Yet, as digital needs have evolved, many wealth management firms have struggled to scale core applications to keep pace with demand. This has resulted in a rise of “bolted on” data structures as applications have continued to grow, many of which rely on on-premises software. Many firms are finding themselves saddled with unwieldy data structures that make data difficult, if not impossible, to access. Additionally, the data structures require undue amounts of time, resources, and project dollars simply to keep the existing physical systems operating.
Despite these challenges, wealth managers recognize the substantial value in data. Data is not only the backbone of their applications, it drives future growth and product innovation.
In the pursuit of making customer data actionable, wealth management firms should first address any challenges they may face with regard to data management structures and practices. Data refactoring and service reengineering, which makes data easily accessible for external client insights and internal product innovation, are necessary prior to going to market.
Innovation-focused wealth management firms are coming to an important realization: decomposing data into microservices and API’s at the business domain level is leading to a future in which a marketplace of data and services can drive value and insights both internally and externally. This is a short-term investment that can drive long-term gains.

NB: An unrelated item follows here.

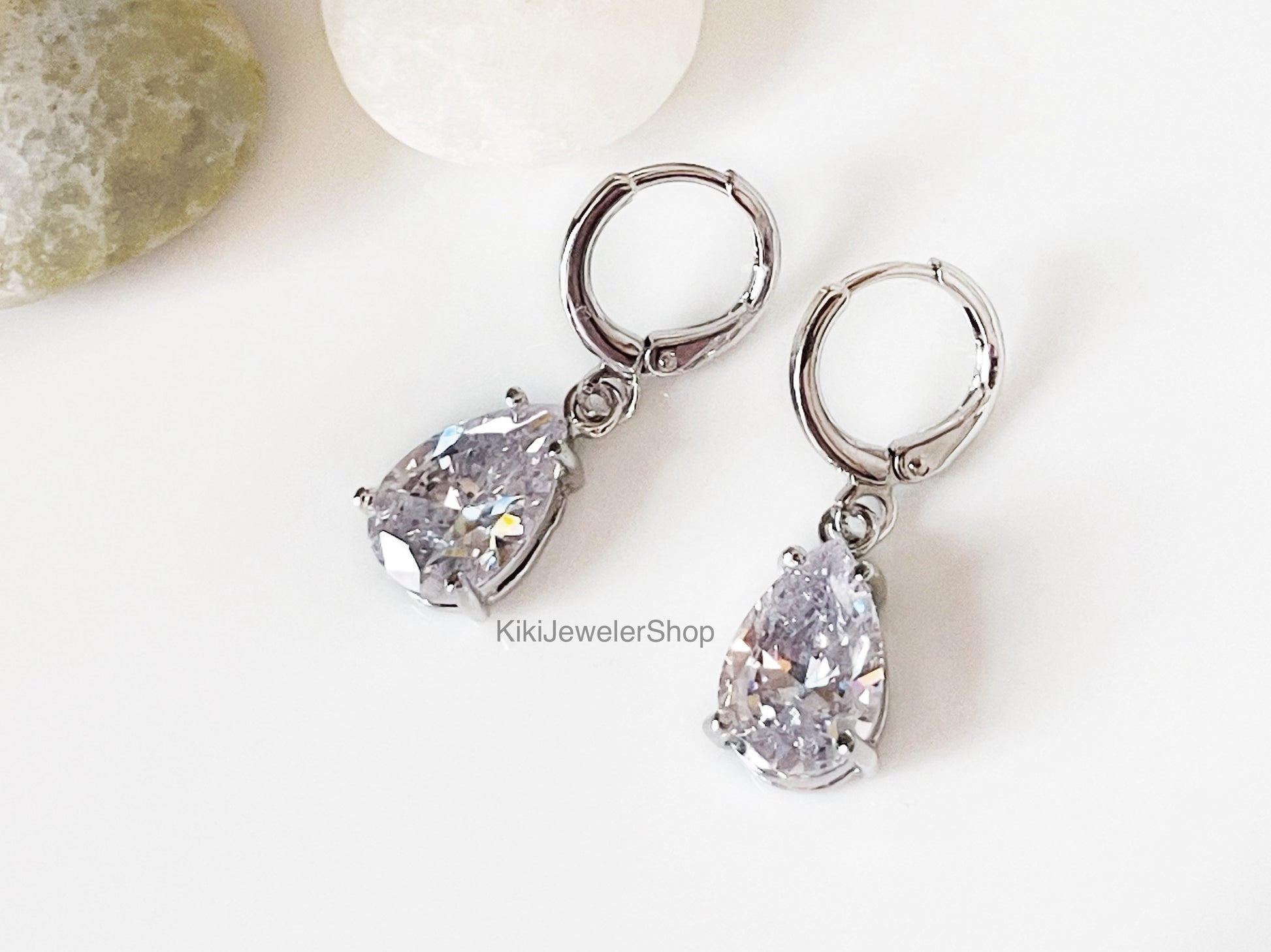 Boucles d'oreilles pendantes en saphir blanc, pierres précieuses blanches, cadeau pour elle, boucles d'oreilles de mariée, pierre de naissance d'avril

More than 70% of Fortune 500 companies are still heavily utilizing mainframes, but many recognize the benefits of a cloud or hybrid cloud environment to manage data. And with a migration, those firms have an opportunity to reengineer systems. The challenge becomes how to replace the engines on a plane while it is still in the air. Taking a system offline for six months while it is being reengineered isn’t acceptable in most cases. This is where a clear target state architecture that includes microservices with APIs on the front end and data organized by domains with context boundaries on the back end becomes vitally important.
Once the vision is set, an iterative cloud migration with in-kind testing between existing and target services comes into play. As services are built and data is transformed, front-end systems can begin to methodically migrate to the target state. The safety net is in replicating data back on-premises so that a canary approach to service migration may be taken (i.e., move 10% of users to the target system and then fail back if smoke is detected). This is a heavy lift in the best of circumstances. However, bringing the right expertise to the table with a proven track record can greatly mitigate risk for this type of effort.
Long Term Benefits
There are many benefits associated with putting the right data closer to the customer and end users. In the future, this will allow large institutions to be nimbler as they develop applications, localize problem resolution, and accelerate innovation. Benefits will be seen in dollars saved and new revenue generated. The days of standing up entire initiatives just to get to the right data set and ownership are waning. Winning organizations will be those who are able to go to market with the speed to meet the demands of data-hungry customers.